Birdwatch News Archive
The Blakeney Point Sandwich Tern colony has had its best year ever. Photo: Ajay Tegala (Seasonal Ranger, Blakeney Point, National Trust).
A tern for the better
Posted on: 05 Sep 2012
In contrast to the bad news from many seabird colonies around the British coast, the Sandwich Terns on Blakeney Point had a remarkable breeding season this year.
Sandwich Terns on Blakeney Point, Norfolk, produced 2200 chicks from 3735 nests this summer. This comes after a horrendous decline 12 years ago, when no more than 26 young were produced from a pitiful maximum of 75 nests. Numbers have fortunately climbed, with the average recent productivity since being about 900 young from 2,500 nests, a healthy number from the species' apparently risky ground-nesting breeding strategy, as previously reported in Birdwatch.
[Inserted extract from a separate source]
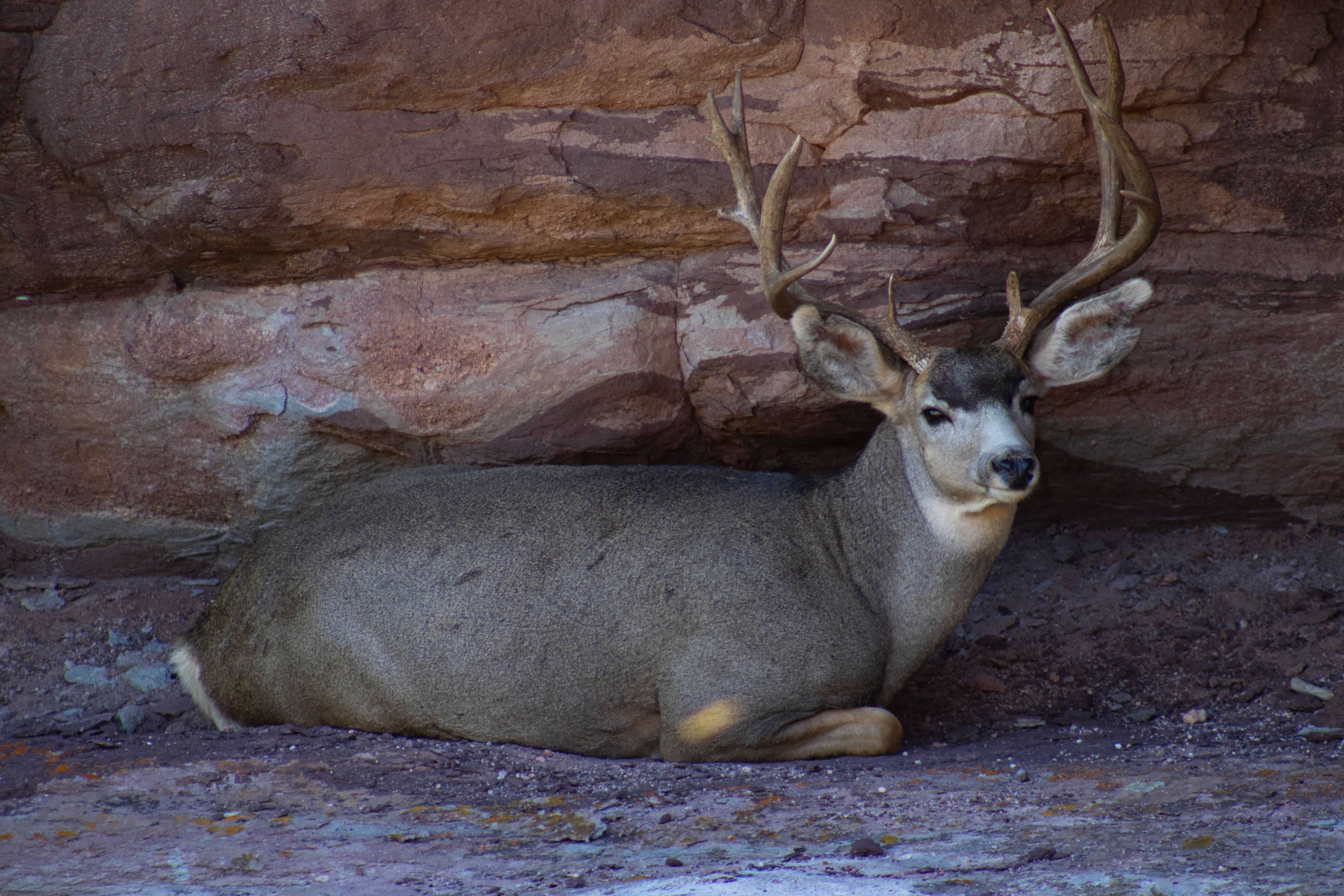Like most of the valley deer, El Jefe didn’t seem alarmed that I was there. He was simply laying in the shade of the red rock wall alcove, looking at me with a tired look in his eyes. Luckily for me, I already had my camera set up on its tripod with a 300mm lens attached to it (this semester taught me how to be “camera ready” for moments just like this one). All I had to do to get El Jefe’s picture was move the camera around on its tripod and zoom in the lens until the buck filled up the viewfinder. Then, a few seconds later, the camera clicked, just before El Jefe turned his head around to face the wall of his alcove.

A Sandwich Tern chick safe in the protected are of Blakeney NNR. Photo: Ajay Tegala (
Seasonal Ranger, Blakeney Point
This success has meant that Blakeney Point, which is within the National Trust's Blakeney NNR, has yet again supported more than 30 per cent of the breeding British Sandwich Tern population.
The figures come as a result of a carefully planned minimum disturbance count in late May, by which time most birds should have laid eggs. Schedule One licensed rangers carefully marked each nest with a small piece of dried macaroni from bags with a known count inside. The method was suggested by former warden and artist James McCallum, also an occasional Birdwatch contributor, whose new book on Blakeney Point will be available at the end of this year, accompanied by an exhibition.
The shingle and sand dunes of the western tip of Blakeney Point also holds important colonies of Little Tern, and with the addition of Common and Arctic Tern, this makes it one of the best sites for terns in Britain. Terns from the colony can be seen fishing and roosting all around the East Anglian coast, often in good numbers.
This year marks the centenary of the National Trust’s ownership and management of Blakeney Point. For 100 years, the wildlife of the Point has been monitored by National Trust wardens. Back in 1912, there were more Common than Sandwich Terns and more Common than Grey Seals, today this has reversed in both cases.
The length and topography of the spit have also changed over the last century, with dunes eroding and forming and the point growing in a westerly direction.
National Trust Seasonal Warden at Blakeney Point, Ajay Tegala, commented on the Sandwich Tern breeding success, saying: "A constant throughout the past 100 years has been the point’s importance for wildlife and the need to protect this special place forever, for everyone. We are delighted that we have had such a success in this landmark year."